Attackers can attach such malicious pieces of code with the popular Android application to steal data. Further, this kind of application can be propagated to the desired audience using an Android messaging service. After installing the application and collecting desired data from devices without getting noticed by Play Protect, it can be concluded that such attacks are hard to detect.

5.3 Experiment timeline

In the initial experiment, three versions of the Android application were created and published on the Google Play Store. Table. 3 contains application publication details against their version number. The table has three columns application version, processing time that Google took for evaluation before making a version live on Google Play Store, and functionality. After this successful experiment that continued for one year and two months, the application was updated to V1.4. A fully benign and legitimate update without any malicious functionality. Version 1.4 was updated and accepted by Google on January 1, 2022.

Table 3 Timeline of an experiment for benign and malic

6 Discussion and recommendation

The main objective of this research is to assess the security of Google Play Protect. Attackers may evade the application screening process and steal user data. This research indicates that installed antivirus and anti-malware solutions cannot prevent these attacks. While uploading a new update, Google compares the application package name, ID, incremented version, and Keystore with an earlier version of the application. However, additional features Like added functionality, code enrichments, and application content is not compared with an earlier version. So, it is possible to update an existing version with a different application ensuring that it has the same package name, ID, incremented version, and Keystore. To defend against this kind of attack, one can enrich vetting policies. Suggested policy-based recommendations and process improvement are as follows:

  1. 1.

    Acquire detailed information on the updated application module from a developer. Afterward, calculate the similarity index based on the code similarity of the earlier version with the new variant. This similarity index will help to spot the difference; a higher similarity index means an application is slightly updated, while a lower similarity index means more amendments have been performed.

  2. 2.

    This would be effective to merge new code in the previous version instead of replacing an application entirely with an update. The same functionality is used in Version Control Systems (VCS), and new code is merged with earlier versions.

  3. 3.

    Table. 3 show that the Google Play Store had taken seven days to scan the application when it was first published but less than a day to scan when the application was updated. There is a possibility that an initial application is evaluated more critically than application updates, so updates got published quickly.

  4. 4.

    Critical analysis of application updates is required to protect Android devices from such attacks. The analysis must go through the same process as the evaluation of the initial application performed; this may include maliciousness, hidden intents, requested permissions, provided functionality, and comparing the code of published versions of the application and its updates.

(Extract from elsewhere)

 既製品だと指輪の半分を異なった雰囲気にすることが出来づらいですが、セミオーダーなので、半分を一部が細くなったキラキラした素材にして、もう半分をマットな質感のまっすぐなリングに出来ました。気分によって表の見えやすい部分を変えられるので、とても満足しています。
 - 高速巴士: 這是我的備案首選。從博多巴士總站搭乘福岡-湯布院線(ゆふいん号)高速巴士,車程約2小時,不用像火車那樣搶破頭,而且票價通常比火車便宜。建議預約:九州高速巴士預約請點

7 Conclusion and future extensions

This is assumed that users can download safe and authentic applications from Google play. People trust Google, but its flexible application vetting policy may endanger common user data security. However, Google performs an in-depth analysis on submitted applications using a built-in malware protection mechanism called Google Play Protect that prevents malicious applications from being installed, but there is still a gap for certain advancements. The research is an extensive effort in the mobile security paradigm that invites security researchers, analysts, and software developers to investigate and combat these security breaches. Moreover, it makes the general consumer aware that publicly available application stores cannot be blindly trusted. Finally, it invites the researcher to analyze the security mechanisms of other application distribution platforms available in various operating systems such as Windows, iOS, Mac, IoT, cloud, and edge devices.